Confessions of a Concussed Cyclist: Hi-Ho, Hi-Ho, It’s Off to Work I Go!

November 14, 2018

Recently I began a part-time, temporary tutoring job.  In the process of filling out paperwork for said position some comments were made.  “Well…it’s about time you’re going back to work!” “This is good for you…you can’t just sit around all day.  This will make you feel better.” And shortly before the job opportunity presented itself, someone actually said to me “you’re smart enough…why are you not back to teaching yet?”

It’s frustrating when others that do not know me (and even those that do) think they know what is best for me when they themselves have never dealt with a brain injury.  

Here are a few facts for you; things that I don’t necessarily talk about often and I frequently hide from others.  I am tired. I am tired all the time. It takes my brain so much more energy to complete a simple task than it did prior to getting hit.  It is also harder for me to recoup the energy I have spent, so often I’m working on a drained “battery” that can never fully recharge. The other thing you should know is that I am almost always overwhelmed and/or overstimulated.  Sometimes I can function through this, other times I cannot. I am in pain. My neck hurts often (whiplash will do that to you); frequently the back of my head hurts and is tender to the touch; and of course the constant, daily migraine that I have had for over four years.  So, just because I am standing in front of you with a smile on my face, does not mean I feel ok.

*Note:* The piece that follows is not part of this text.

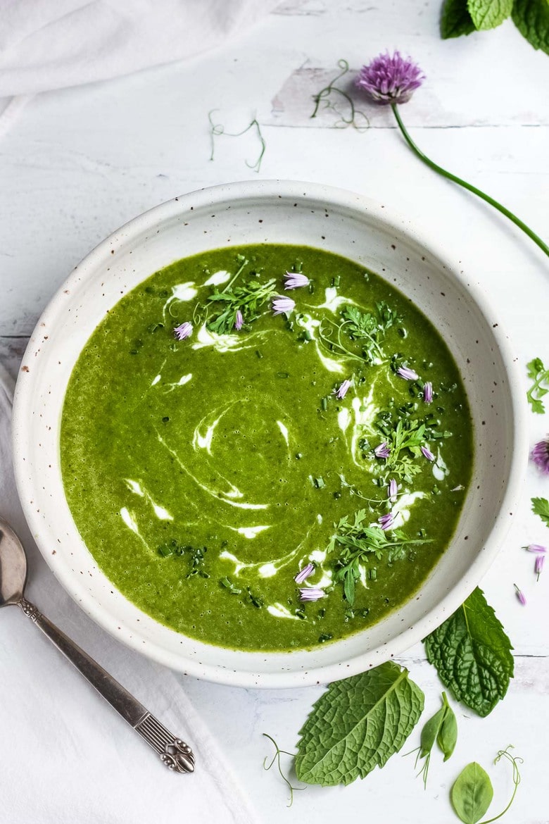 Nutritious spring spinach soup, velvety smooth with a refreshing hint of mint. Simple clean ingredients create a deeply nourishing and delicious soup that is dairy-free, vegan and gluten-free. Serve warm or chilled.

When I become too tired from an overloaded schedule, that means other things need to take the backseat.  I am not able to push through and complete all that needs to be done; I prioritize and I take care of the most important things while pushing the less important things to the back.  So, when I work too many hours (and trust me that for the past two years, although I am not teaching, I have been putting in hours at a job) or life is just particularly busy and I become too tired to function, my to-do list grows and grows.   I am also more likely to enter a “setback”.

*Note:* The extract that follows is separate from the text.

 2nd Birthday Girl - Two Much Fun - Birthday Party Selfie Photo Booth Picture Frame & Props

We live in a very judgmental, opinionated society where everyone feels they know what is best for everyone else.  Until you have walked a mile in my shoes (or better yet, tried to function a day in my head) then please do not tell me what I should or should not be doing.  Know that there is A LOT I do not share with anyone so you do not have all the information. Also know that I am the one trying to live this life and I am doing the best that I can.